◆ ABOUT THIS EXERCISE: Down to the last line, set down the material below exactly; skip the pictures.

◆ GIVEN MATERIAL:
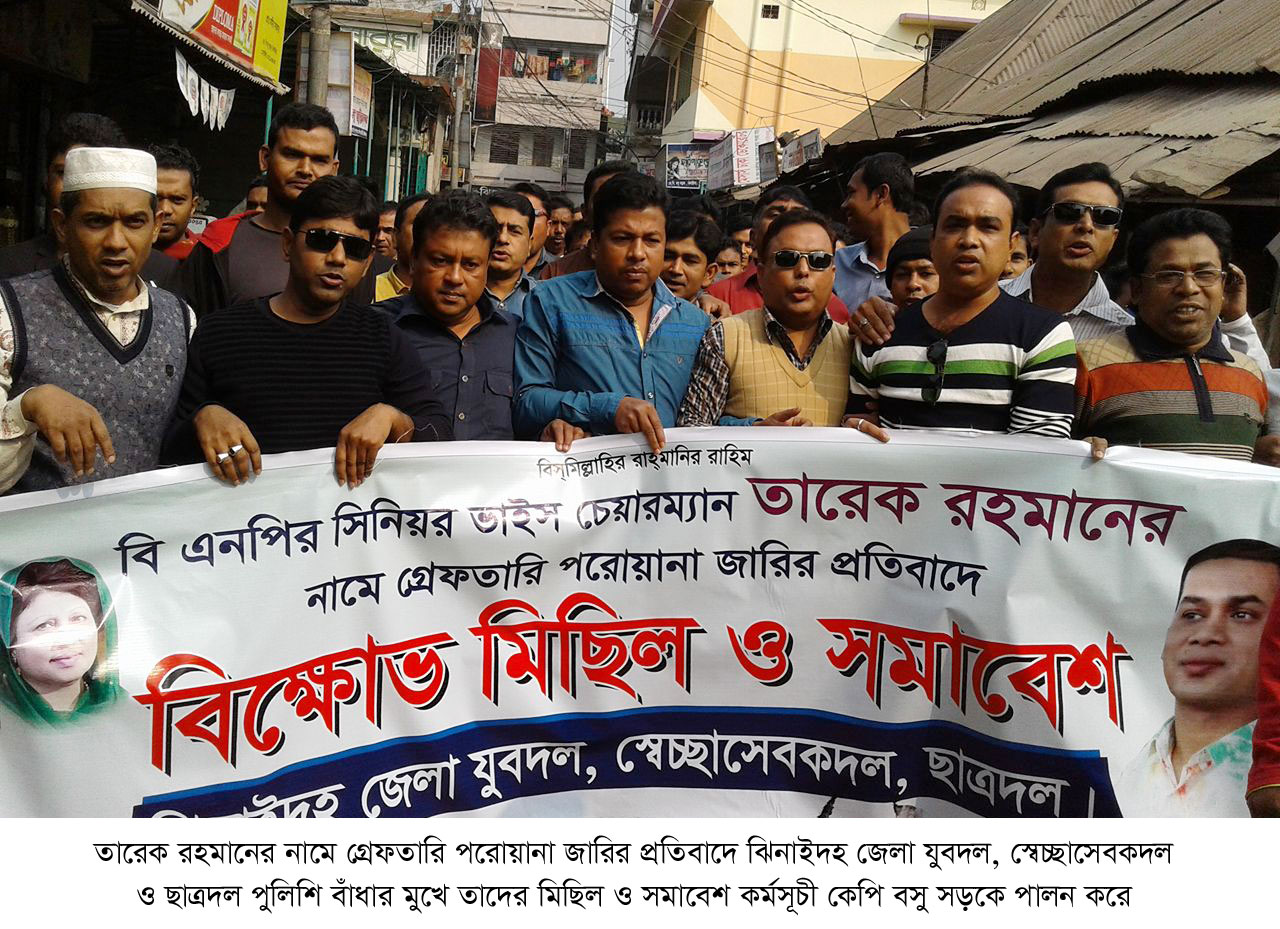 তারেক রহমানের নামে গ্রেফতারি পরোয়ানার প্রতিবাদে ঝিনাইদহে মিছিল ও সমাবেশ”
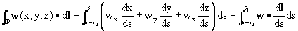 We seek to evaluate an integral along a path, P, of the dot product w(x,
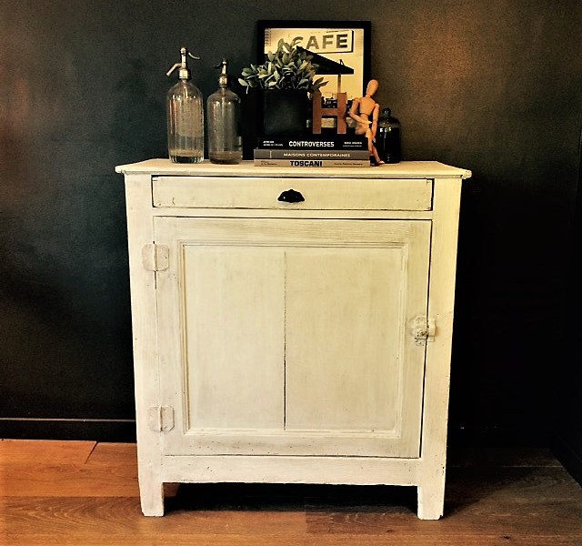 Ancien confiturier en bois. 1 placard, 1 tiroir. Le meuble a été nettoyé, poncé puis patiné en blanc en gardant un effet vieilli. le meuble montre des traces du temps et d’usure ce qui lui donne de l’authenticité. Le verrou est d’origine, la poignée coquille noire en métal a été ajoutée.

◆ OUTPUT BELOW:
 তারেক রহমানের নামে গ্রেফতারি পরোয়ানার প্রতিবাদে ঝিনাইদহে মিছিল ও সমাবেশ”
 We seek to evaluate an integral along a path, P, of the dot product w(x,
 Ancien confiturier en bois. 1 placard, 1 tiroir. Le meuble a été nettoyé, poncé puis patiné en blanc en gardant un effet vieilli. le meuble montre des traces du temps et d’usure ce qui lui donne de l’authenticité. Le verrou est d’origine, la poignée coquille noire en métal a été ajoutée.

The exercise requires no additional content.